Dimitrova is a Steinway Artist. Notable debut concerts in her career include:
- 1989: Barbican Centre main hall (London) debut with the Royal Philharmonic Orchestra conducted by Per Dreier (Rachmaninov's 2nd Piano Concerto)
- 1990: Purcell Room (London) debut solo recital
- 1991: Fairfield Halls (London) debut solo recital
- 1991: Malvern Festival debut with the English String Orchestra conducted by William Boughton (Shostakovich 2nd Piano Concerto)
- 1993: Royal Festival Hall (London) debut with the London Concert Orchestra conducted by Fraser Goulding (Grieg Piano Concerto)
- 1995: Wigmore Hall joint recital with Patricia Pagny, arranged and presented by Sir Georg Solti
- 1995: Palace of Fine Arts, Brussels debut with the Belgian National Orchestra conducted by Dmitry Yablonsky (Rachmaninov's 2nd Piano Concerto)
- 1996: Monaco debut – recital in the Spring Arts Festival
- 1996: Dresden Music Festival and Salzburg Whitsun Festival debuts with the London Symphony Orchestra conducted by Sir Georg Solti (Bartok 3rd Piano Concerto)

== Chamber music ==
In 1995, Dimitrova won the Parkhouse Award for Chamber Music, playing with the violinist Hanna Weinmeister. This award provided concert management for the duo by GBZ Management and resulted in many chamber recitals in London and around the UK. The duo also played in Germany, Switzerland and Austria.

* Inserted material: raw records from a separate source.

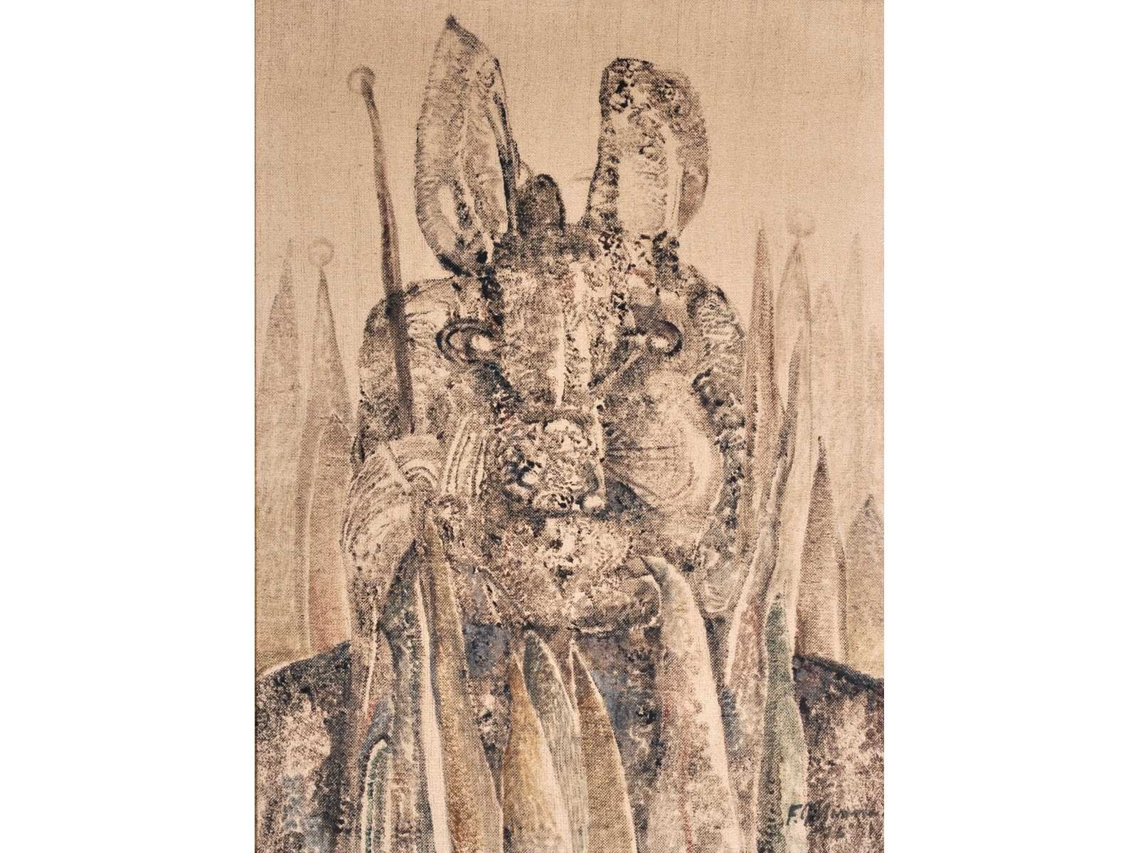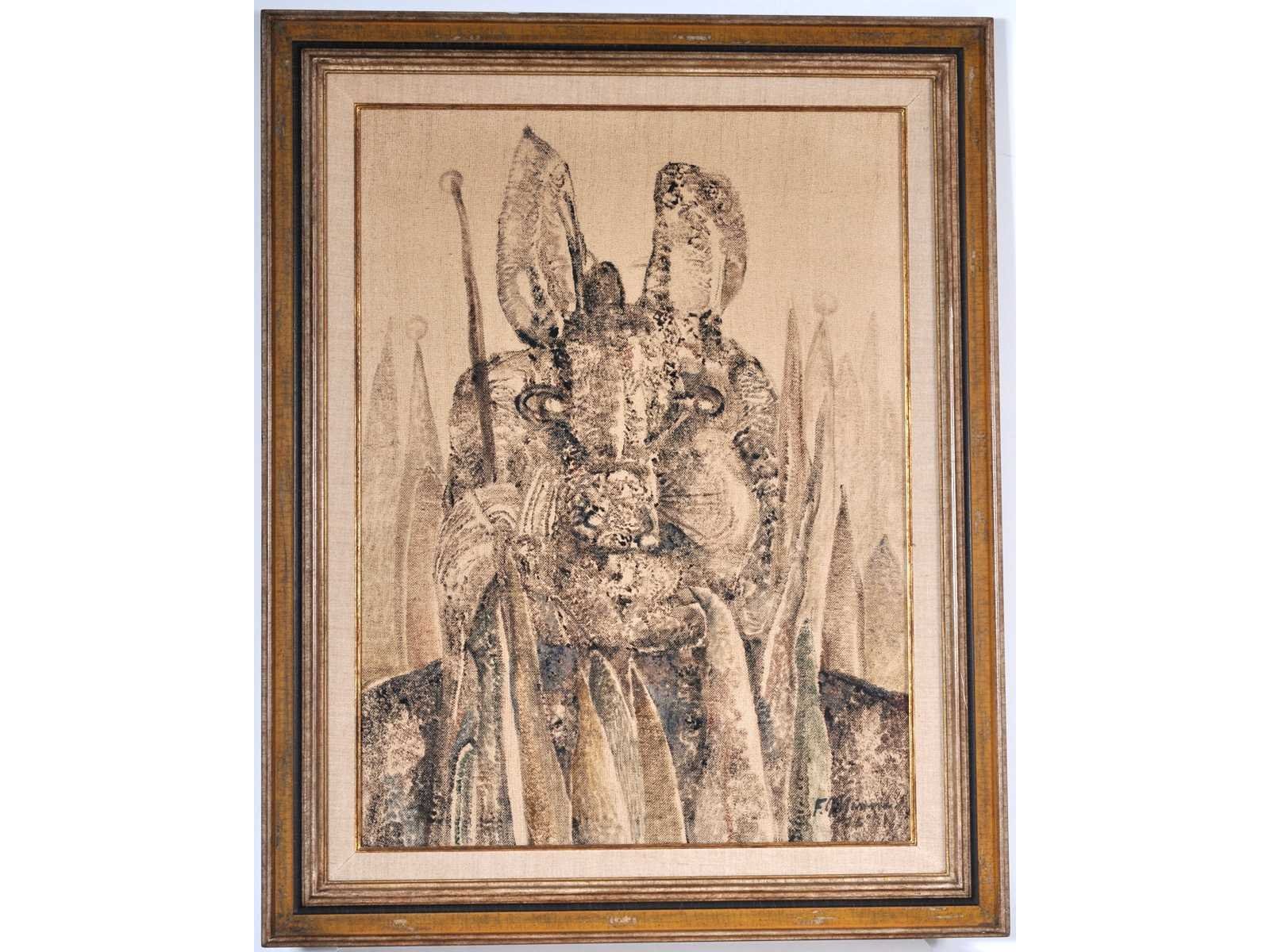 In de jaren zeventig was Minnaert laureaat van de Prijs voor Tekenkunst van Kortenberg, van de Prijs Jonge kunstenaars op de Internationale Kunstmesse van Bazel(Zwitserland) en van de Grafiekprijs van Diano Marina(Italie). In 1974 was hij geselecteerd voor de Biënnale van Venetië met de polyptiek “Genesis”. Het oeuvre van Frans Minnaert bevindt zich in tal van musea en collecties, nationaal en internationaal. Nee Kunstenaar: Frans MINNAERT (Idegem 1929 - 2011) Datering: 1973 Techniek: gemende techniek op doek Handtekening/oplage: true Oplage: Origineel Gesigneerd: Gesigneerd Hoogte: 81cm Breedte: 60cm Hoogte incl. lijst: 100cm Breedte incl. lijst: 80cm Frame: true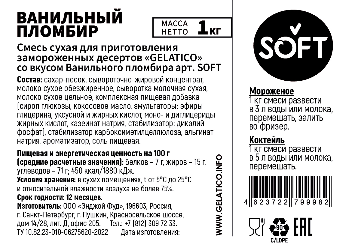 Смесь "GELATICO "SOFT "Ванильный пломбир" обладает ярким, сливочно-пломбирным вкусом с легкой ноткой ванили, нежным белым цветом и приятной кремовой консистенцией.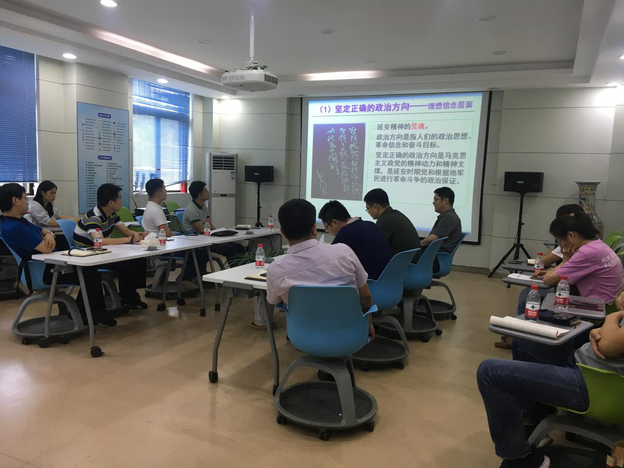 会上,殷小玮书记为大家讲授了“学习延安精神”专题党课。他从延安精神的形成出发,介绍了延安精神概念的出现历程、形态特点和本质、延安精神形成的历史基础和条件等,并从理想信念、科学理性、伦理价值和实践意志层面深刻剖析了延安精神的内涵,指出延安精神的本质和核心是全心全意为人民服务的精神,精髓是解放思想、实事求是、讲求实效的实践精神,各位党员干部要深刻理解延安精神的时代内涵和具体体现。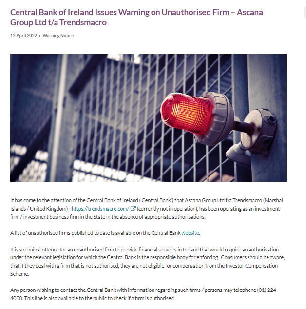 2022 年 4 月 12 日警告通知警告,爱尔兰中央银行(“中央银行”)已经注意到 Ascana Group Ltd吨/吨 TRENDSMACRO(元帅群岛/英国)- https:// TRENDSMACRO .com/(目前未运营),在没有适当授权的情况下一直在该州作为投资公司/投资业务公司运营。迄今为止公布的未经授权公司名单可在中央银行网站上查阅。根据中央银行负责执行的相关立法,未经授权的公司在爱尔兰提供需要获得授权的金融服务属于刑事犯罪。消费者应该知道,如果他们与未经授权的公司打交道,他们就没有资格从投资者补偿计划中获得补偿。任何希望就此类公司/个人的信息联系中央银行的人都可以致电 (01) 224 4000。公众也可以使用此热线查询公司是否获得授权。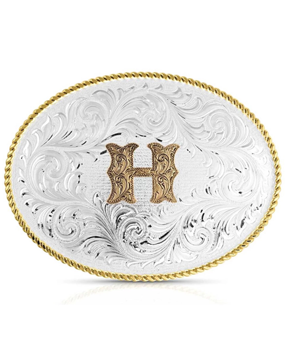 - Silver-toned oval buckle with gold roped border and “H” on front with silver-toned filigree details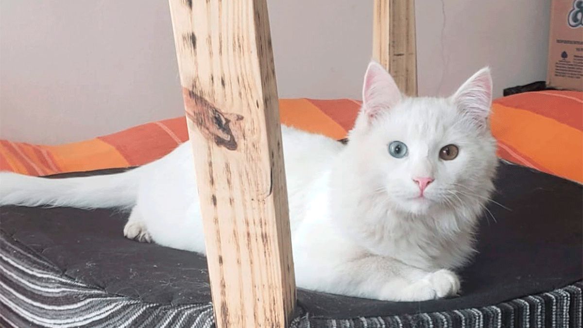 Pedro es un lindo gatito de color blanco, con heterocromia y castrado y se perdió en el barrio Lomas del Golf y Aeropuerto.
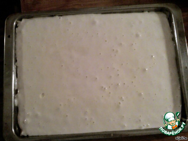 Духовку заранее разогреть, противень застилаю промасленной бумагой. Готовое тесто выливаем на противень и сразу выпекаем, иначе опадёт.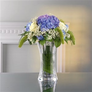This Nachtmann Saphir Vase will make a statement in any indoor space. Gift for weddings, housewarmings, recognition, and more. Etch the front with their initial for a personal touch.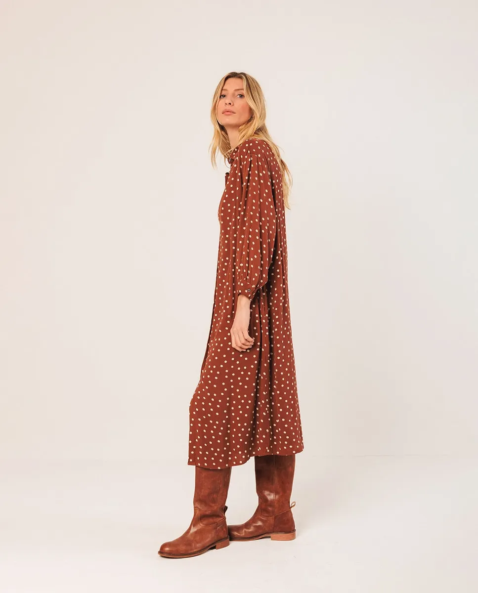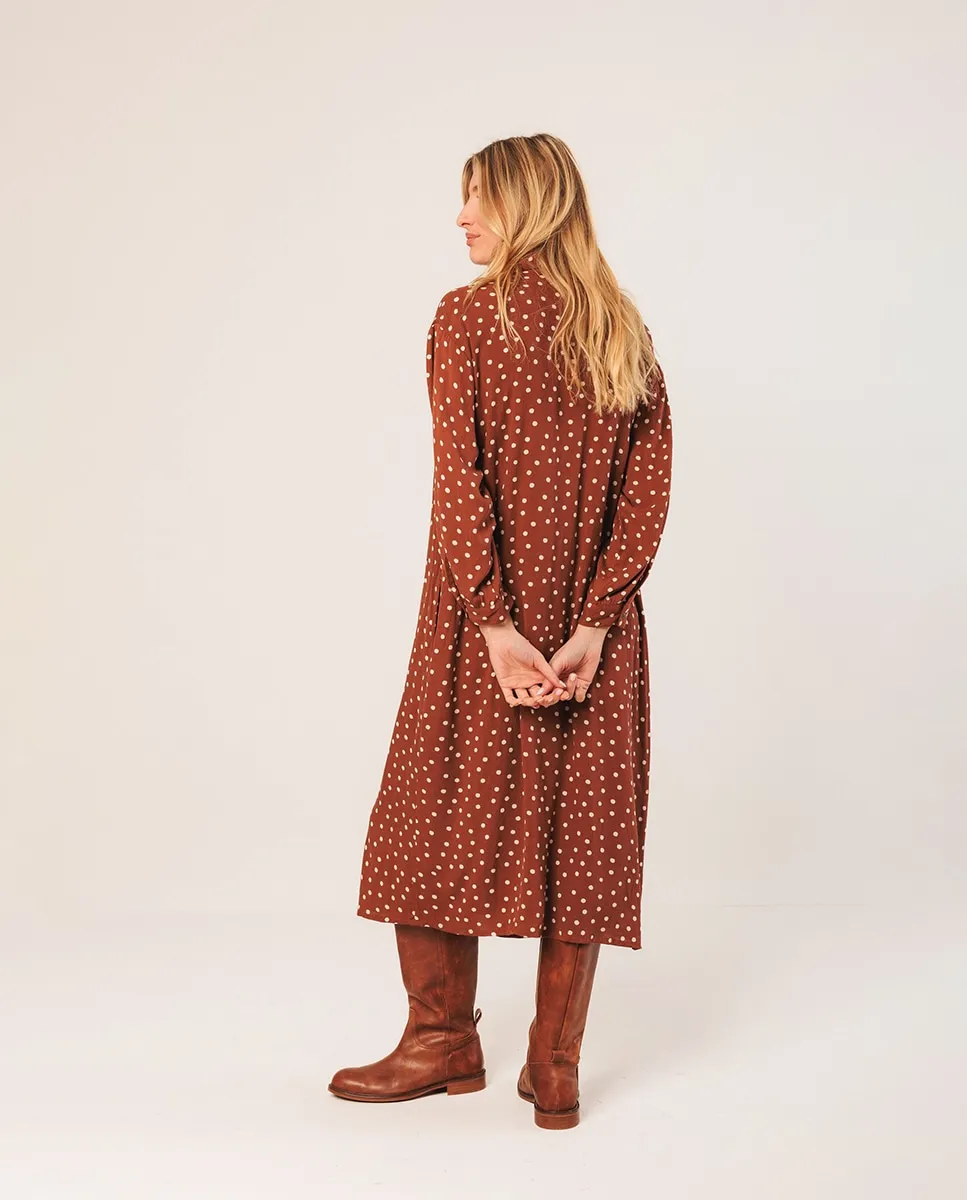 Миди-платье с длинными рукавами и воротником-рубашкой Indi & Cold, бордовый

Dimitrova has performed in chamber music concerts with numerous violinists and ensembles, including:
- Hanna Weinmeister (violin)
- Priya Mitchell (violin)
- Sian Phillips (musician) (violin)
- Ben Hancox (violin)
- Chloe Hanslip (violin)
- Navarra String Quartet
- Kandinski Trio
- Maggini String Quartet
- Leon Bosch (double bass)

== Contemporary music ==
Dimitrova has championed contemporary music throughout her career and given several world premiers of important works for solo piano by Bulgarian, English and Belgium composers.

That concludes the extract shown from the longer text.